Мать моя вмале оправилась и воспитывала меня резвым младенцем, что вертелся легко, словно сухой лист, кружимый ветром; но все же и тогда был я одержим странными желаниями: протчие мальчишки охотились за бабочками да шмелями либо валяли шапки в пыли, меня же тем временем переполняли страхи да бредни. Где теперь возвышается моя Спиттль-фильдская церковь, там случалось мне плакать без всякой причины, доступной моему разумению. Однако пропускаю свои младенческие годы и перехожу к тому времени, когда меня отдали в обученье: я посещал благотворительную школу Св. Катерины близь Товера, но все успехи, достигнутые мною под руководительством Сары Вайр, Джона Дукетта, Ричарда Боли и целого сонма учителей, состояли в том лишь, что я познал зачатки своего родного языка. Веселые то были деньки, притом не столь уж невинные — промеж собой играли мы со школьными товарищами в некую игру, именуемую жмурками, где говорилось: вот ты связан, а мне тебя надобно трижды обернуть кругом; еще нам, мальчишкам, известно было, что, ежели молитву Господу произнести задом наперед, возможно вызвать Диавола; да только сам я тогда ни разу такого не делал. Бытовало среди нас множество других необъяснимых понятий: то, что поцелуй крадет минуту от нашей жизни, и то, что на мертвое существо надобно плюнуть и петь:

Иди, откуда держишь путь, Как звать меня, навек забудь.

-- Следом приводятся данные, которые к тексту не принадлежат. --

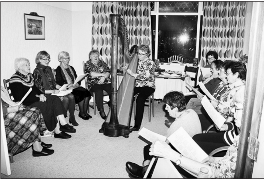
Cymdeithas Cymry Lerpwl yn nhŷ Margaret

Cafodd y drychineb effaith mawr ar drigolion Caergybi ac ar gwmi perchnogion y llong. Ni chynhaliwyd ymholiad swyddogol i'r achlysur. Bu llawer o sŏn yn y wasg fod yn rhaid dial ar yr Almaen ac wedi'r cadoediad ychydig o amser wedyn fe gollodd yr Almaen lawer o dir ac arian ac oherwydd hyn fe heuwyd gwreiddiau yr Ail Ryfel Byd. Mae llongdryiliad y 'Leinster' wedi dylanwadu ar hanes Ewrop a'r byd yn yr ugeinfed ganrif - dyma'r llong a newidiodd y byd.

Когда после уроков свет делался сумеречным, некоторые сорванцы прокрадывались в церковный двор, чтобы, как они говорили, ловить тени мертвецов (и ныне слова сии для меня суть не рядовыя фантазии). Однако подобныя забавы были не по мне, и я большею частию держался особняком: занятия мои были роду более уединенного, небольшие деньги свои откладывал я на книги. Некой Елиас Бисков, из моих однокашников, одолжил мне Доктора Фаустуса, которым я радовался, особливо когда он путешествовал по воздуху, видя весь мир, однако меня изрядно опечалило, когда за ним пришел Диавол, и размышления о сем ужасном конце до того меня преследовали, что он мне нередко виделся во сне. Все время, что я был свободен от школы, по четвергам днем и по субботам, проводил я за чтением подобных вещей: следующий, кто мне встретился, был Монах Бекон, а за сим прочел я Монтельона, Рыцаря оракульского и Орнатуса; занимая книгу у одного лица, я, закончивши читать ее сам, одалживал другому, тот одалживал мне какую-нибудь из своих собственных, и таким образом, хотя перьев, чернил, бумаги и протчих надобностей мне в школе порой не доставало, но книг доставало всегда.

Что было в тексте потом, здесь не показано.